Global Company Earnings to Grow Faster-Than-Estimated 18%, Citigroup Says

Global per-share earnings will rise 18 percent this year, faster than an earlier forecast, amid stronger revenue growth and sustained margins, according to Citigroup Inc.

Earnings per share, or EPS, are estimated to increase 11 percent in 2012 and 9 percent in 2013, analysts led by Robert Buckland, Citigroup’s chief global strategist, wrote in a report yesterday. The brokerage had predicted in September earnings- per-share growth of 12 percent this year.

The MSCI All Country World Index may end the year at 380, higher than an earlier forecast of 360, the analysts said. The MSCI index rose 0.2 percent to 344.60 as of 12:02 p.m. in Singapore.
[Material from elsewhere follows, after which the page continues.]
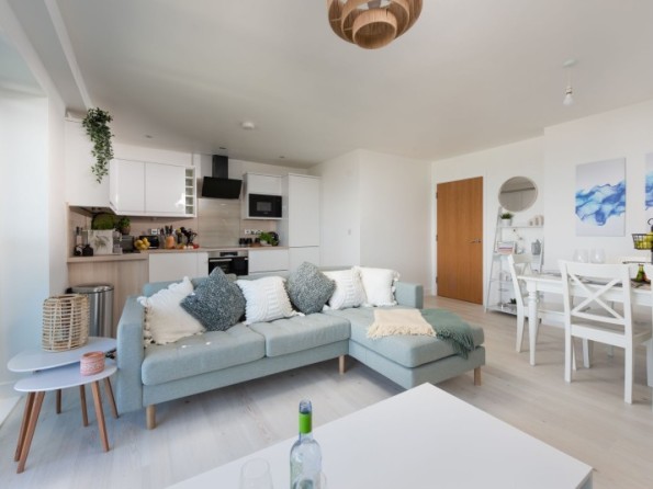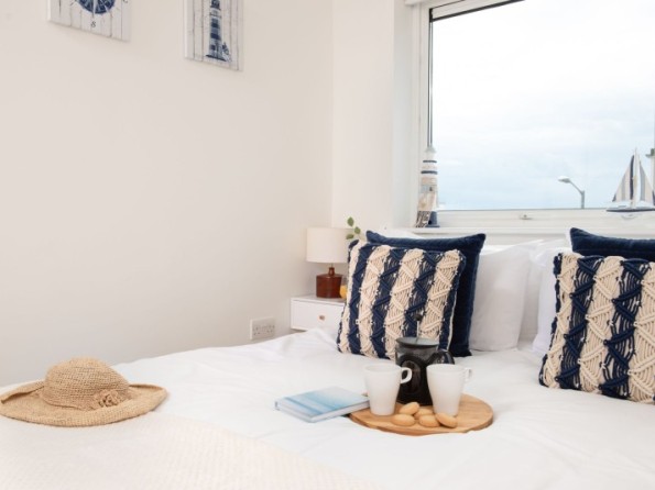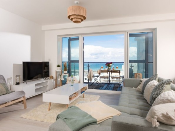 This room is open plan with the dining area and kitchen and has a large L-shaped sofa, two armchairs, a coffee table, side tables and a TV cabinet with a flat screen Smart TV. French doors lead out to the furnished balcony which has excellent views over Fistral Beach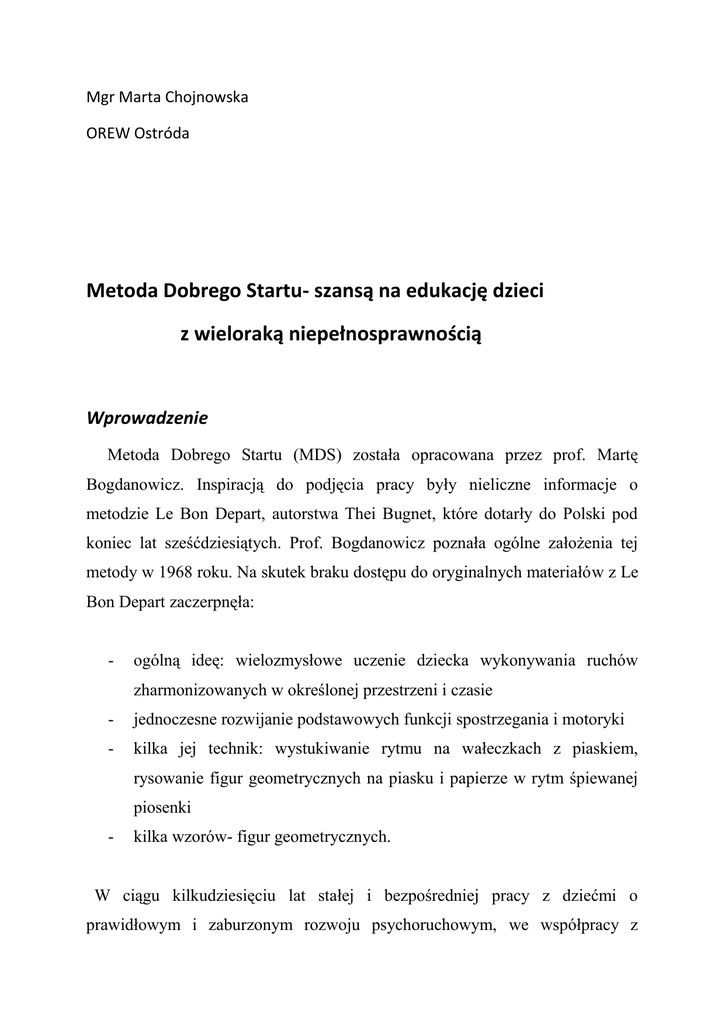 Mgr Marta Chojnowska OREW Ostróda Metoda Dobrego Startu- szansą na edukację dzieci z wieloraką niepełnosprawnością Wprowadzenie Metoda Dobrego Startu (MDS) została opracowana przez prof. Martę Bogdanowicz. Inspiracją do podjęcia pracy były nieliczne informacje o metodzie Le Bon Depart, autorstwa Thei Bugnet, które dotarły do Polski pod koniec lat sześćdziesiątych. Prof. Bogdanowicz poznała ogólne założenia tej metody w 1968 roku. Na skutek braku dostępu do oryginalnych materiałów z Le Bon Depart zaczerpnęła: - ogólną ideę: wielozmysłowe uczenie dziecka wykonywania ruchów zharmonizowanych w określonej przestrzeni i czasie - jednoczesne rozwijanie podstawowych funkcji spostrzegania i motoryki - kilka jej technik: wystukiwanie rytmu na wałeczkach z piaskiem, rysowanie figur geometrycznych na piasku i papierze w rytm śpiewanej piosenki - kilka wzorów- figur geometrycznych. W ciągu kilkudziesięciu lat stałej i bezpośredniej pracy z dziećmi o prawidłowym i zaburzonym rozwoju psychoruchowym, we współpracy z muzykami, nauczycielami, rodzicami- Marta Bogdanowicz opracowała własną oryginalną metodę pracy z dziećmi. Metoda Dobrego Startu zawiera: - strukturę zajęć (zajęcia wprowadzające, właściwe, końcowe) - rodzaje ćwiczeń , ich nazwy i przebieg (ćwiczenia ruchowe, ruchowosłuchowe, ruchowo- słuchowo- wzrokowe) - techniki prowadzenia ćwiczeń i porządek ich prowadzenia - program cyklu zajęć - zestaw wzorów, zastąpienie wzorów literami - zestaw piosenek autorstwa Danuty Szlagowskiej, Marii Tomaszewskiej, Małgorzaty Barańskiej i Andrzeja Filara Istnieją trzy warianty Metody Dobrego Startu. Każdy dostosowany do adekwatnego poziomu rozwojowego dzieci: 1. Piosenki lub wierszyki i łatwe wzory- przeznaczone są dla dzieci najmłodszych oraz starszych, których rozwój przebiega z opóźnieniem. 2. Piosenki lub wierszyki i wzory literopodobne- dostosowane do potrzeb 6 i 7- latków o prawidłowym rozwoju, dzieci, u których występuje ryzyko dysleksji oraz dzieci starszych o opóźnionym rozwoju. 3. Piosenki lub wierszyki i litery oraz znaki matematyczne- przygotowane są z myślą o dzieciach uczęszczających do klas O i I, uczniach starszych z dysleksją. Opisane wyżej warianty Metody Dobrego Startu nawzajem się uzupełniająstanowią kolejne etapy pracy stymulacyjno- terapeutycznej oraz edukacyjnej. Początkowo na materiale nieliterowym , następnie na materiale obejmującym litery i cyfry. Założeniem Metody Dobrego Startu jest jednoczesne rozwijanie funkcji językowych, funkcji spostrzeżeniowych: wzrokowych, słuchowych, dotykowych, kinestetycznych tymi (czucie funkcjami ruchu) czyli i motorycznych integracji oraz współdziałania między percepcyjno- motorycznej1 . Istotnym celem metody jest też usprawnianie w zakresie lateralizacji, orientacji w prawej i lewej stronie ciała. Metoda Dobrego Startu usprawnia cały rozwój psychoruchowy dziecka. Prowadzi do wyższego poziomu rozwoju i współdziałania funkcji intelektualnych (mowy, myślenia) i instrumentalnych (spostrzeżeniowo- ruchowych). Dzięki temu dochodzi do prawidłowego wykonywania czynności ruchowych, we właściwym czasie i przestrzeni, w harmonii z czynnościami poznawczymi, w tym językowymi. Doskonalenie integracji percepcyjno- motorycznej i kompetencji ułatwia naukę pisania i czytania wszystkim dzieciom...W przypadku dzieci opóźnionych w rozwoju , udział w ćwiczeniach służy rehabilitacji zaburzeń rozwoju psychomotorycznego i pomaga zmniejszyć trudności w opanowywaniu skomplikowanych umiejętności szkolnych.2 Prowadzone przez prof. Bogdanowicz badania wskazują że MDS korzystnie wpływa także na sferę pozaintelektualną dzieci. Stosowanie metody korzystnie wpływa na procesy emocjonalne i zachowania społeczne oraz rozwój mowy dzieci, szczególnie o głębiej zaburzonym rozwoju. Metoda ta ma nie tylko aspekt profilaktyczno- terapeutyczny, ale również aspekt diagnostyczny. Na podstawie obserwacji zachowania dziecka, trudności podczas wykonywania ćwiczeń oraz analizy błędów można wnioskować o rodzaju i głębokości zaburzeń , można również dostrzec postępy czynione przez dziecko.3 Zajęcia prowadzone Metodą Dobrego Startu posiadają określoną strukturę, 1 M.Bogdanowicz, Indywidualne i integracyjne zajęcia rehabilitacyjne z wykorzystaniem różnych modyfikacji Metody Dobrego Startu. (w) W.Dykcik, B.Szychowiak,(red.) Nowatorskie i alternatywne metody w teorii i praktyce pedagogiki specjalnej. Wydawnictwo Naukowe UAM, Poznań 2001, s.127. 2 tamże, s.128 3 M.Bogdanowicz, M.Barańska, E.Jakacka, Metoda Dobrego Startu . Piosenki do rysowania. Harmonia, Gdańsk , 2007, s. 3 choć metoda jest przyjazna twórczym modyfikacjom. W zależności od specyficznych potrzeb edukacyjnych dzieci, poziomu ich funkcjonowania lub głębokości zaburzeń- może być dowolnie dostosowywana. Zajęcia MDS mogą być prowadzone w grupie lub indywidualnie. Metoda Dobrego Startu jest efektywną metodą stosowaną w terapii dzieci z uogólnionymi i głębszymi zaburzeniami. Badania nad skutecznością tej metody w pracy z dziećmi z niepełnosprawnością intelektualna oraz autyzmem i porażeniem mózgowym wskazują na jej istotną rolę w całościowym procesie terapii. Z racji wykonywanej pracy na co dzień stosuję Metodę Dobrego Startu. Uczestniczę w terapii pedagogicznej na terenie Ośrodka RehabilitacyjnoEdukacyjno- Wychowawczego w Ostródzie. Doświadczenia i poczynione obserwacje zainspirowały mnie do zbadania skuteczności stosowania Metody Dobrego Startu jako formy terapii pedagogicznej stosowanej wobec dzieci niepełnosprawnych intelektualne w stopniu umiarkowanym i znacznym. Z bogatej problematyki dotyczącej terapii dzieci z zaburzeniami rozwoju wybrałam jako cel badań poznanie skuteczności Metody Dobrego Startu jako formy terapii pedagogicznej dzieci w wieku przedszkolnym niepełnosprawnych intelektualnie w stopniu umiarkowanym i

The index has jumped 21 percent in the past 12 months and is valued at 12.6 times estimated profits, compared with the average of 13.8 times over the last four years.

“Companies are generating faster revenue growth than we originally expected,” Buckland said in the report. “In addition, cautious cost management means that current margins are at least sustainable for now.”

Among the 471 members on the Standard & Poor’s 500 Index that have released quarterly results, about 67 percent have beaten analyst estimates, according to data compiled by Bloomberg. Analysts’ average estimates for S&P 500 companies have risen 9.3 percent this year, according to Bloomberg data.

UBS, RBC

UBS AG lifted its estimates for combined profit by companies in the S&P 500 for this year and 2012 on productivity growth, share buybacks, rising oil prices and strength in emerging markets.

Their recommendations contrast with that of Myles Zyblock, the chief institutional strategist at Royal Bank of Canada, who said in a note to clients yesterday that investors should reduce their U.S. equity holdings because weaker-than-forecast economic data suggest earnings estimates are too high and a stronger U.S. dollar is threatening exports.

Dell Inc. (DELL), the world’s second-largest personal-computer maker, reported on May 17 first-quarter profit that topped analyst forecasts, bolstered by corporate technology spending. Vivendi SA (VIV), the owner of the world’s biggest music and video- game companies, said this month first-quarter profit rose 29 percent, joining other European companies from PSA Peugeot Citroen to Ericsson AB in beating analyst estimates.

“Recent reporting seasons in the U.S. and Europe have been strong,” said Buckland in the report. “We continue to believe that we are in the stage of the market cycle when stock prices grind higher with EPS.”